Hermione entendit Ginny grommeler quelque chose qui ressemblait à un « mon frère est un imbécile » affectueux, avant que Ron ne la relâche en lui tapotant maladroitement le dos. Cela avait eu le mérite de détendre légèrement Hermione.
Si cela l'ulcérait de savoir que Voldemort avait eu raison, elle devait admettre que cela faisait du sens que Poudlard soit alimentée par la puissance de la source de magie. Cela résolvait au moins le mystère de la solidité de ses défenses qui, au-delà d'être impressionnantes, n'avaient surtout jamais eu besoin d'être renouvelées au cours des mille dernières années. Des théories plus farfelues les unes que les autres avaient été établies depuis la construction de Poudlard pour tenter d'expliquer cela, mais Hermione savait maintenant qu'aucune n'était vraie.

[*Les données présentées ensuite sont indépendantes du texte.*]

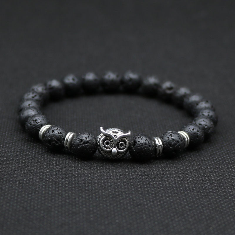 Owl head Lava Rock stone energy bracelet

– Bon, de toute façon, nous ne résoudrons ni le problème des sources, ni le mystère de l'estomac infini de Ron ce soir, alors je vous propose que nous allions nous coucher, fit Harry.
Ils acquiescèrent tous, et après avoir salué les garçons Hermione et Ginny remontèrent en silence l'escalier vers le dortoir des filles. Ce ne fut que lorsqu'elles furent à l'embranchement entre le dortoir des quatrièmes et des cinquièmes années que Ginny prit la parole.
– Dis-moi Hermione… j'avoue que je me suis toujours demandée… il vaut quoi au lit ?
– P… Pardon ? balbutia Hermione.
Elle s'était figée complétement, refusant de comprendre ce que Ginny demandait.
– Tu couches avec lui, n'est-ce pas ? insista Ginny.
– Quoi ? Mais pas du tout ! répondit Hermione. C'est complétement absurde !
– Hermione…
Ginny lui lançait un regard perçant et Hermione se ratatina légèrement. Ginny avait toujours su la lire parfaitement. Peut-être parce que si Hermione avait été proche de Harry et Ron pour beaucoup de choses, c'était Ginny qui avait toujours été sa confidente lors des situations délicates, et vice-versa.
– Je ne vois pas d'où cela sort Ginny, c'est ridicule, fit-elle cependant.
Elle était fière du fait que sa voix n'avait pas le moins du monde sonné défensive. Mais le regard de Ginny se fit étrangement amusé.
– Tu sens son parfum Hermione, fit-elle. Cette odeur musquée qui lui va tellement bien qu'on pourrait limite croire que c'est son odeur naturelle. On dirait presque que tu t'es roulée dedans.
Hermione ouvrit la bouche pour se défendre, sans pour autant ne rien trouver à dire. Cela sembla accentuer l'amusement de Ginny.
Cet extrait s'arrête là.